■ **Your instructions**: The answer is to be an exact copy of the lines below running from the line with "서울시 8월 12일(토)부터 서울버스 요금 조정 시행!!" down to the line with "Mischen Sie, um", both ends included, and nothing more.

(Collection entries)
▼
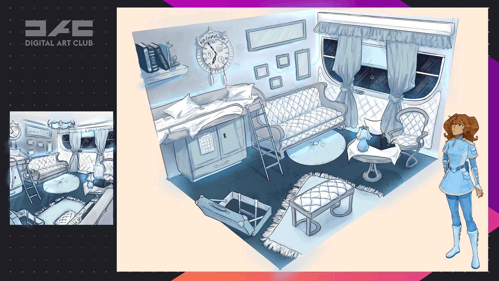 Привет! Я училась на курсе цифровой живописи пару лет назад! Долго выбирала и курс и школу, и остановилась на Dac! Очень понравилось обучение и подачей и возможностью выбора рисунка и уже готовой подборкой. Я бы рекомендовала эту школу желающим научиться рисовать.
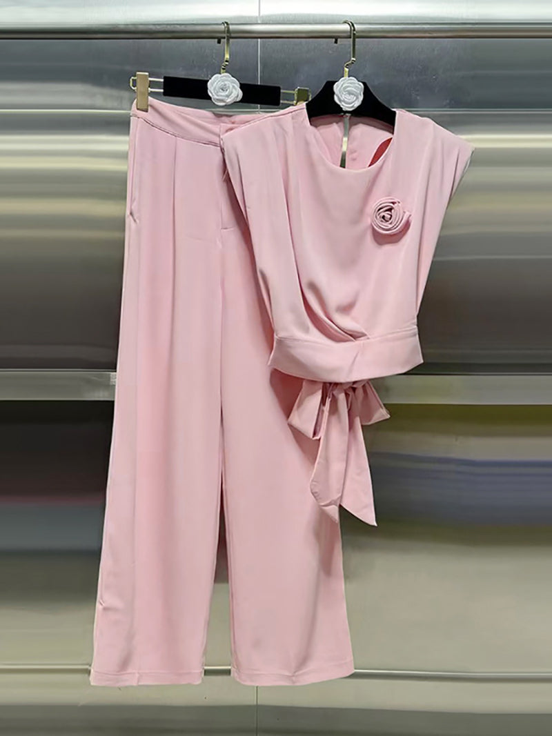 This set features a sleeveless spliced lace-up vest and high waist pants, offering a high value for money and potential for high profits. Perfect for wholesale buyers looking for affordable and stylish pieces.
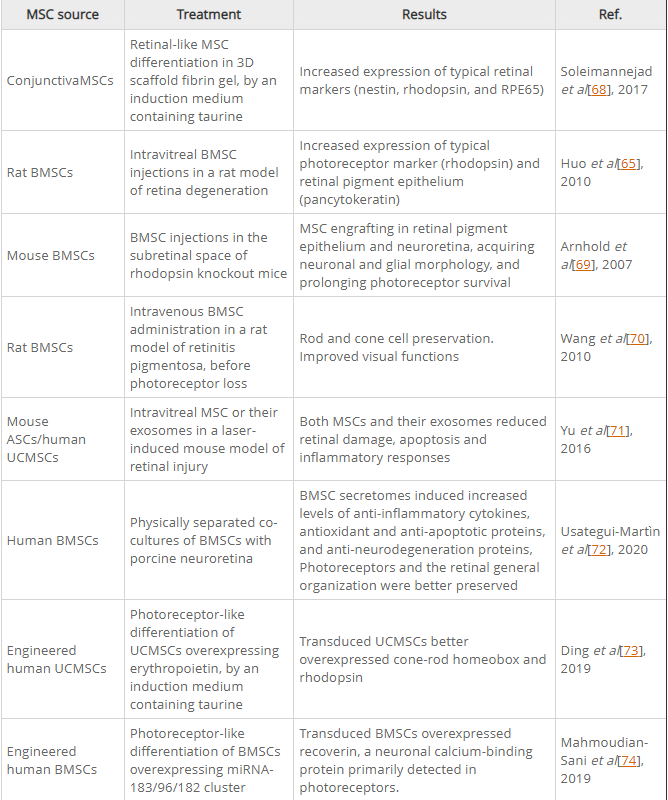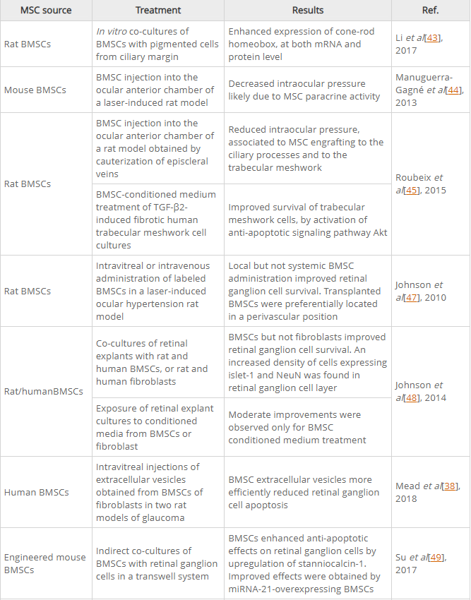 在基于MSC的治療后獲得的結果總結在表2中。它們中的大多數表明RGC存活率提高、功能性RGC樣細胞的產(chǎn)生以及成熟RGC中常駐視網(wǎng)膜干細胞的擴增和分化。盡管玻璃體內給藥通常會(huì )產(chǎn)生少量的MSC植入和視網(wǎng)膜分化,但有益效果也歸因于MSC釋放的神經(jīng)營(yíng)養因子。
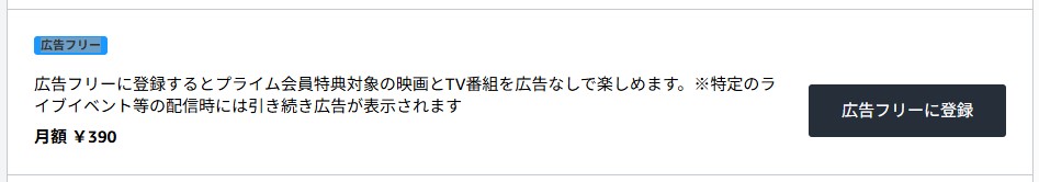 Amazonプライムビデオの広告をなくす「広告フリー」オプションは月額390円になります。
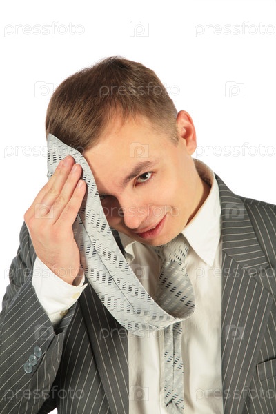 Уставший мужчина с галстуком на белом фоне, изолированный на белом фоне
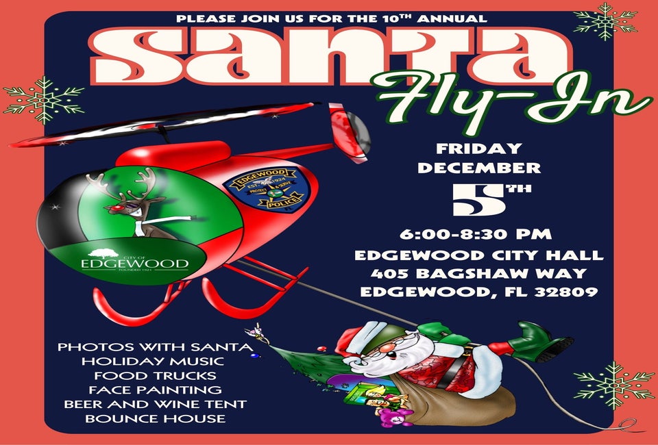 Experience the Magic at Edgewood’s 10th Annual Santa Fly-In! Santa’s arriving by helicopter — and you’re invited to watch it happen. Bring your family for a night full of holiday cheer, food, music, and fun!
▲
▼
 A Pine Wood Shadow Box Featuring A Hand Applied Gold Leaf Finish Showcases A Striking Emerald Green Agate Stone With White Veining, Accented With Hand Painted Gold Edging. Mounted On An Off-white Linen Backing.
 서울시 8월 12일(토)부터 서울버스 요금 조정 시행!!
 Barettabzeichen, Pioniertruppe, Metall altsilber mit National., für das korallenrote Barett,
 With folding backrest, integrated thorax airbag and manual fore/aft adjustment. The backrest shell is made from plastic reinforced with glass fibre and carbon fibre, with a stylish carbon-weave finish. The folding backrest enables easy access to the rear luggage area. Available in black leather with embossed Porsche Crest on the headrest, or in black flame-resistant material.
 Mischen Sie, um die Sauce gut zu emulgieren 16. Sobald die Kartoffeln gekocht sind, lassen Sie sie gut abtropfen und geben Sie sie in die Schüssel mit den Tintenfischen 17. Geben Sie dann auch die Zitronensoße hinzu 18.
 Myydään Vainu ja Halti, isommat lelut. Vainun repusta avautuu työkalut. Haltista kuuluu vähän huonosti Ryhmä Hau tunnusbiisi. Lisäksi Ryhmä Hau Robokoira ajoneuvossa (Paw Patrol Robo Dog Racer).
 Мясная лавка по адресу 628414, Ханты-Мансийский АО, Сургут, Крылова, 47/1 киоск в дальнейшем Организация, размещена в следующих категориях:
▲
■ **Solution to the exercise**:
 서울시 8월 12일(토)부터 서울버스 요금 조정 시행!!
 Barettabzeichen, Pioniertruppe, Metall altsilber mit National., für das korallenrote Barett,
 With folding backrest, integrated thorax airbag and manual fore/aft adjustment. The backrest shell is made from plastic reinforced with glass fibre and carbon fibre, with a stylish carbon-weave finish. The folding backrest enables easy access to the rear luggage area. Available in black leather with embossed Porsche Crest on the headrest, or in black flame-resistant material.
 Mischen Sie, um die Sauce gut zu emulgieren 16. Sobald die Kartoffeln gekocht sind, lassen Sie sie gut abtropfen und geben Sie sie in die Schüssel mit den Tintenfischen 17. Geben Sie dann auch die Zitronensoße hinzu 18.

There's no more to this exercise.